[APFloat] Correct semantics of minimum/maximum for signaling NaN arguments #109976

asb · 2024-09-25T13:15:18Z

The minimum and maximum operations were introduced in
https://reviews.llvm.org/D52764 alongside the intrinsics. The question
of NaN propagation was discussed at the time, but the resulting
semantics don't seem to match what was ultimately agreed in IEEE754-2019
or the description we now have in the LangRef at
https://llvm.org/docs/LangRef.html#llvm-min-intrinsics-comparation.

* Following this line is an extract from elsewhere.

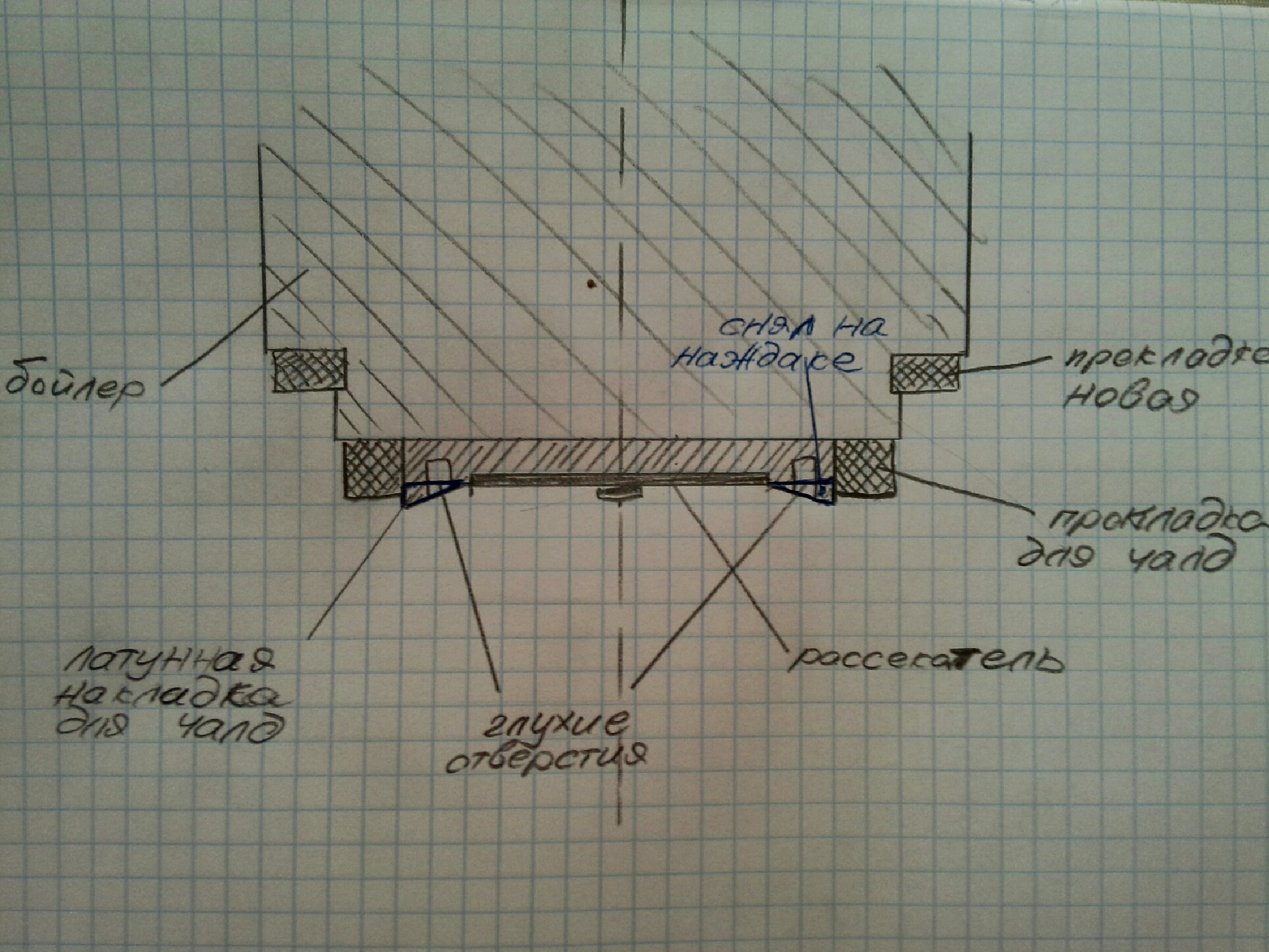 Подошло кольцо, La Marzocco H6, вот такое: -[ссылка]- Его размеры 72x55x6 mm. Правда, пришлось сточить его на наждаке до толщины 4.6 - 4.7мм, так как она должна попасть в специальный паз для нее. Если не сточить, то прокладка не садится плотно на свое место и при проливе с кофе в рожке - подтекает . Фильтр группы оставил почти без изменений, выкинул резиновую прокладку для чалд, открутил латунную накладку, которая приживает чалды (для откручивания в ней 2 глухих отверстия) и сточил ее немного, чтобы потоньше была (у нее края выступают больше чем средняя часть с фильтром группы). У меня корзина от La Cimbali на 14-16, если сыпать в нее больше 14 грамм, то таблетка при разбухании все равно сильно прижимается к накладке (особенно по краям), поэтому думаю сточить ее еще немного, чтобы она на "нет" сходила к краю. Вот схематический рисунок по-быстрому набросал, чтобы было более понятно читать мои сумбурные описания...

Essentially, the APFloat implementation doesn't quiet a signaling NaN
input when I believe it should in order to match the LangRef and IEEE
spec.

Per the langref and IEEE-754 2019 spec, a signaling input should produce a quiet nan output. This test just captures the current behaviour, prior to a fix.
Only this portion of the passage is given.